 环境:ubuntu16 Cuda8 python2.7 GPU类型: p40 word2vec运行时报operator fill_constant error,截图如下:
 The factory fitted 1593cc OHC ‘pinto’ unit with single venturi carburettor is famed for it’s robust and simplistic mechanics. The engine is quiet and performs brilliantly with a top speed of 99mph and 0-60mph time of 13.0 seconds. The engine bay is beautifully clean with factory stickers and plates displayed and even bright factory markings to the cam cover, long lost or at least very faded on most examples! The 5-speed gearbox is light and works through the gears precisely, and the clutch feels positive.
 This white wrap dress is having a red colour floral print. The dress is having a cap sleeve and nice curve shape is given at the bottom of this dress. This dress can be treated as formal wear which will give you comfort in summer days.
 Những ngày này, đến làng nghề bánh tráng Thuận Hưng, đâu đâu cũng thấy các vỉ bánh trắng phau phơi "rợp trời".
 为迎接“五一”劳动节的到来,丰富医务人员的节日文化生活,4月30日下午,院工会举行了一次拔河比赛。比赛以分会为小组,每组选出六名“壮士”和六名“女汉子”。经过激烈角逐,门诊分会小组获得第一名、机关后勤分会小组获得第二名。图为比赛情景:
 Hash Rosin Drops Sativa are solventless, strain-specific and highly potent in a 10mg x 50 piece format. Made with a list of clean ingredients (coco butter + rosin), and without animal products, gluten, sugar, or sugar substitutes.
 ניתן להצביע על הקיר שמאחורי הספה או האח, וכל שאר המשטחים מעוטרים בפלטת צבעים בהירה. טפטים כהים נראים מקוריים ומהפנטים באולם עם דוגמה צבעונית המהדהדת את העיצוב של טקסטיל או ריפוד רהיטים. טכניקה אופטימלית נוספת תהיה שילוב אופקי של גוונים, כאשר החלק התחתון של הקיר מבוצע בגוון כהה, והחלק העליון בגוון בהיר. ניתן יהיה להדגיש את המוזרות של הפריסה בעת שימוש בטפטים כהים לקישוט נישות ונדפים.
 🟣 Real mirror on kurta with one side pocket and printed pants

==

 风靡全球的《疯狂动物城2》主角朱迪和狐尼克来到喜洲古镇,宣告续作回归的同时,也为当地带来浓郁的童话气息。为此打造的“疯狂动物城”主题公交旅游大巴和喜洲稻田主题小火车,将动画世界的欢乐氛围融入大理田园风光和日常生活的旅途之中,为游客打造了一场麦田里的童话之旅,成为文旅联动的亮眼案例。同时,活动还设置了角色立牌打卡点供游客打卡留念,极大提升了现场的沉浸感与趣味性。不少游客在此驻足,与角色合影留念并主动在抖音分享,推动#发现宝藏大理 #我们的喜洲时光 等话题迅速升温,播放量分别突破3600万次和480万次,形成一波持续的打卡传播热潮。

- **Exercise aim**:
After locating the line holding "The factory fitted" above, output exactly that line and every line after it through the line holding "Hash Rosin Drops". Include nothing else.

- **Expected answer**:
 The factory fitted 1593cc OHC ‘pinto’ unit with single venturi carburettor is famed for it’s robust and simplistic mechanics. The engine is quiet and performs brilliantly with a top speed of 99mph and 0-60mph time of 13.0 seconds. The engine bay is beautifully clean with factory stickers and plates displayed and even bright factory markings to the cam cover, long lost or at least very faded on most examples! The 5-speed gearbox is light and works through the gears precisely, and the clutch feels positive.
 This white wrap dress is having a red colour floral print. The dress is having a cap sleeve and nice curve shape is given at the bottom of this dress. This dress can be treated as formal wear which will give you comfort in summer days.
 Những ngày này, đến làng nghề bánh tráng Thuận Hưng, đâu đâu cũng thấy các vỉ bánh trắng phau phơi "rợp trời".
 为迎接“五一”劳动节的到来,丰富医务人员的节日文化生活,4月30日下午,院工会举行了一次拔河比赛。比赛以分会为小组,每组选出六名“壮士”和六名“女汉子”。经过激烈角逐,门诊分会小组获得第一名、机关后勤分会小组获得第二名。图为比赛情景:
 Hash Rosin Drops Sativa are solventless, strain-specific and highly potent in a 10mg x 50 piece format. Made with a list of clean ingredients (coco butter + rosin), and without animal products, gluten, sugar, or sugar substitutes.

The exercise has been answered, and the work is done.